Now that we have entered fully the Presidential election cycle, as well as embarked on a large national healthcare odyssey brought to us via the COVID-19 virus, we will hear an increased drum beat about many policy proposals tied to the nation’s healthcare, and very few, if any will have any tangible details on either the implementation process or actual expected outcomes. And, to be honest, there isn’t any reason to expect such details, because in many cases, the policy proposals are completely theoretical. As an engineer by education, I have always wondered why more of our national leaders are not eager to implement their national policies at home rather than thrust them on to the nation at large without the least bit of experimentation and why more people aren’t willing to call them out on their reckless behavior.

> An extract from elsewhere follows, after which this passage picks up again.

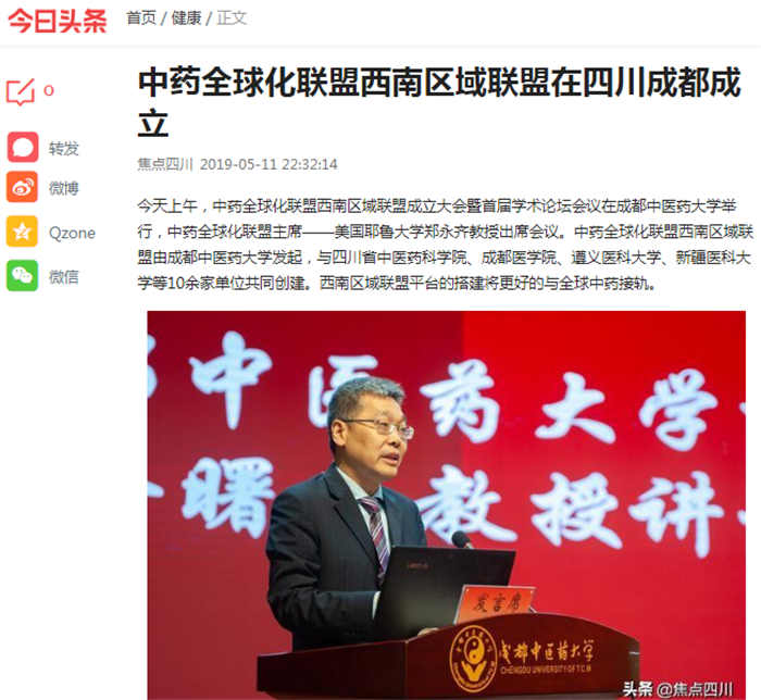 今天上午,中药全球化联盟西南区域联盟成立大会暨首届学术论坛会议在Beat365中文官方网站举行,中药全球化联盟主席——美国耶鲁大学郑永齐教授出席会议。中药全球化联盟西南区域联盟由Beat365中文官方网站发起,与四川省中医药科学院、成都医学院、遵义医科大学、新疆医科大学等10余家单位共同创建。西南区域联盟平台的搭建将更好的与全球中药接轨。

As brilliantly stated by U.S. Supreme Court Justice Louis Brandeis during the case of New State Ice Co. v Leidmann, a “state may, if its citizens choose, serve as a laboratory; and try novel social and economic experiments without risk to the rest of the country.”
He is referring to the concept that within our federal framework, state and local governments have a level of autonomy where they may at as “Laboratories for Democracy” testing various laws and policies in a similar manner to the scientific method. This would not only allow insulate the larger population from the impacts of potentially adverse outcomes, it would also provide a more manageable way to refine details not only of the specific policies but also of the specific methods of implementation.
Let’s ponder for a moment the following metrics for a certain country that is part of the G8:
- Population – 66.1 million
- Total GDP – $2.81 trillion
- Per Capita GDP – $42,360
Which country is this might you ask? Great Britain.
For much of the last decade, Democratic Politicians have touted the National Health Service of Great Britain as a model for how the United States not only could, but should, have a single payer health care system.
Now, to be clear, I am not advocating the policy from one side of the other. In fact, based on a myriad of difficulties with private health care coverage my family has experienced over the last few years, I would very much welcome the idea of just showing up to the doctor, surgeon, dentist, etc. and having the necessary procedures performed. However, even if a single payer system is the answer, is it something we should simply pass into law on such a large scale and trust that government can implement? After watching a similar scenario unfold with ObamaCare, I give a vociferous NO!!!!!!!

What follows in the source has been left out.